Do you know how to do this in Pyro or could you give us some tips on where/how to implement this.

Thank you!

fritzo commented 3 years ago

@nb2838 IIUC you need the underlying randomness to agree between two elbos, but the parameters to differ? I believe you can do this in Pyro for a subset of distributions: those that can be reparametrized to be explicitly differentiable functions of explicitly parameter-free Pyro distributions. (Counterexamples include Gamma, Beta, and Dirichlet, whose "reparametrized sample" .rsample() methods use implicit reparametrized gradients).
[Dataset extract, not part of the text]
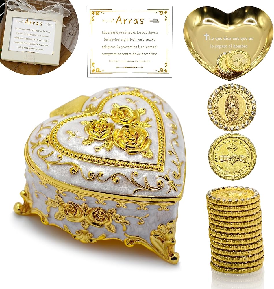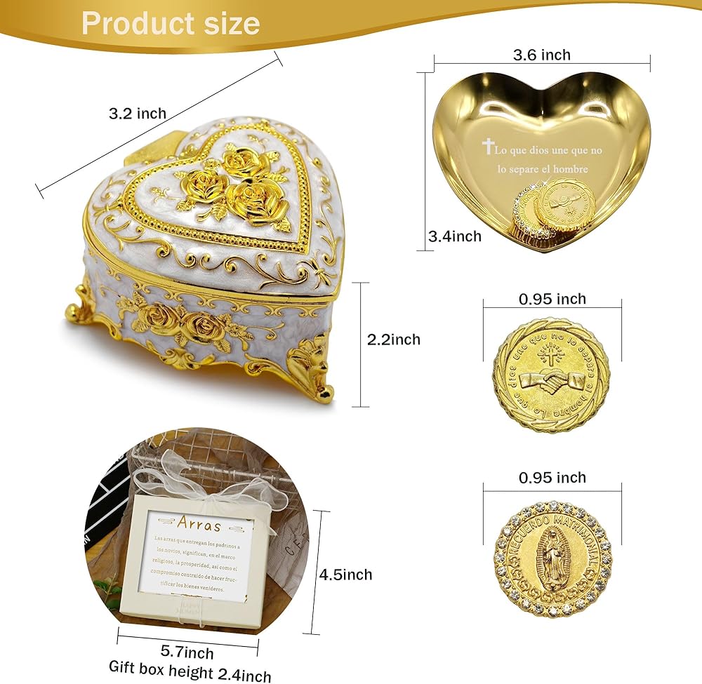 [Set Contents]: The set includes 13 gold-plated Guadalupe Virgin Mary coins adorned with diamonds, 1 coin box embellished with water diamonds, 1 gold heart-shaped decorative tray, and an exquisite box. It serves as a complement to any wedding ceremony, imparting its beautiful vision and blessings.

Here's a possible design approach:

1. Allow users to exiplicitly reparametrize their model via [poutine.reparam](https://docs.pyro.ai/en/dev/infer.reparam.html). Possibly even provide a `full_reparam()` wrapper that fully reparametrizers a model as parametrized transforms of parameter-free noise. 2. In your inference algorithm, use [poutine.trace](https://docs.pyro.ai/en/dev/poutine.html#pyro.poutine.handlers.trace) and [poutine.condition()](https://docs.pyro.ai/en/dev/poutine.html#pyro.poutine.handlers.condition) to record the noise and play it under two parameter values. (I'm unsure how you'll want to thread through the parameters): ```py # Construct a pair of guide traces with the same underlying randomness. old_params = {...} new_params = {...} old_guide_trace = poutine.trace(guide).get_trace(old_params) fixed_noise = { name: site["value"] for name, site in old_guide_trace.iter_stochastic_nodes() } for name, value in fixed_noise.items(): if value.requires_grad: raise ValueError(f"Site {repr(name)} is not fully reparametrized!") new_guide_trace = poutine.trace( poutine.condition(guide, fixed_noise) ).get_trace(new_params) ``` Now it's easy to use `poutine.trace` and `poutine.replay` to construct new elbos ```py old_model_trace = poutine.trace( poutine.replay(model, old_guide_trace) ).get_trace(old_params) old_loss, old_surrogate_loss = Trace_ELBO()._differentiable_loss_particle( old_model_trace, old_guide_trace ) ``` and similarly to get the `new_surrogate_loss`.
velezbeltran commented 3 years ago

Thank you @fritzo. What you mention is exactly what I was looking for. I am not familiar with the poutine.reparam effect handler so I'll take a look at that and use it for that particular step of the algorithm.

fritzo commented 3 years ago

@nb2838 Sounds good. I think it's safe to first implement inference with a check (the ValueError above) that assumes models have been manually reparametrized, and then in follow-up PRs we can work on automatically reparametrization strategies.

velezbeltran commented 3 years ago

Wanted to provide an update on this. We have a rough implementation of the algorithm for a simple model. However, it relies on using dogleg method to solve the minimization of the trust-region sub-problem. Unfortunately, this doesn't work well. Currently, we are trying to implement some other minimizer for the trust-region subproblem.

velezbeltran commented 3 years ago

Hello, We will need to drop this project so feel free to assign it to someone else. I apologize for the inconvenience.